What is clear in all of these responses is that by examining the notions of ‘neutral’ and ‘feminine’ in grammar and gender through the lens of translation, we reveal their complexity – and some of their possible futures in languages, in both literature and speech.

Thank you to all five translators for their time and responses, and to Ann Leckie and Will Roberts for putting us in touch with them.


Translators

Milena Ilieva has been a freelance translator for twenty years, working on around sixty books in all genres, but predominantly science fiction and fantasy, among them a large proportion of Bujold at her best (including the last six books of the Vorkosigan saga), the Mark Lawrence Thorns trilogy, Andy Weir’s The Martian and many more. Apart from translating, Milena teaches English at the Sofia University.

Bernhard Kempen was born in 1961 in Hamburg and has lived in Berlin since 1984. He studied Comparative Literature, finishing his M.A. in 1987 at UEA in Norwich and his Ph.D. in 1994 at FU Berlin. Since 1993 he has translated more than 130 science fiction novels from English to German. He has also written stories and novels, ranging from erotic to science fiction, and appeared in several erotic cabaret performances, some of them featuring his transgender identity Barbara.

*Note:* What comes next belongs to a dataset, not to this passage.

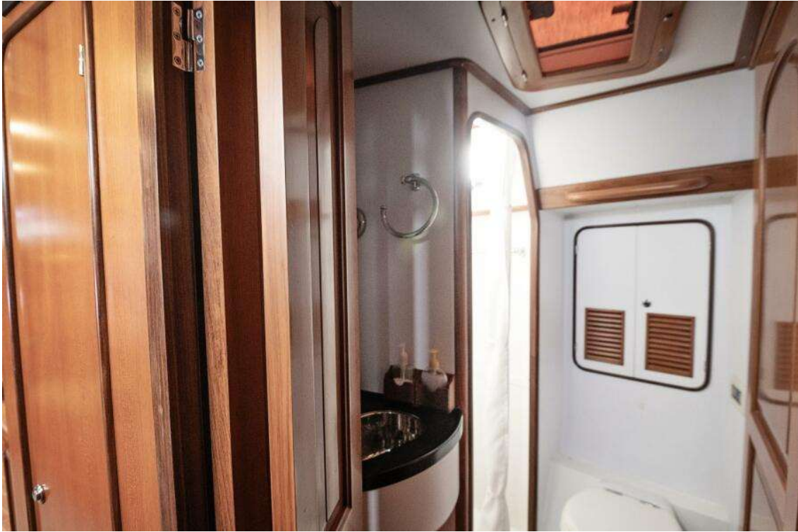
Passport Vista 515 For Sale012

Emanuel Lottem, Ph.D. (Econ.), was born in 1944 in Israel. He has been translating science fiction and fantasy (among other genres) since 1976. He served as the head of the editorial board of the relatively short-lived but highly influential magazine Fantasia 2000, in 1983-1985, and played a central role in the evolution of Israeli fandom, including the establishment of the Israeli Society for Science Fiction and Fantasy (1996), for which he served as its first Chairman until 2001. He has translated more than 100 SFF titles so far.

Csilla Kleinheincz is a Hungarian-Vietnamese writer, editor and translator. She has three published novels and a short story collection. She translates SFF into Hungarian, including the works of Peter S. Beagle, Kelly Link, Catherynne M. Valente, Ursula K. Le Guin, Scott Westerfeld and Ann Leckie, and she is currently working as the editor of the Hungarian publishing house Gabo.

Hideko Akao graduated from the Department of Mathematics, Tsuda College. She has translated science ficttion, mystery, and scientific nonfiction books, with translated authors including Seth Grahame-Smith, Vernor S. Vinge, Robert A. Heinlein, and Anne McCaffrey.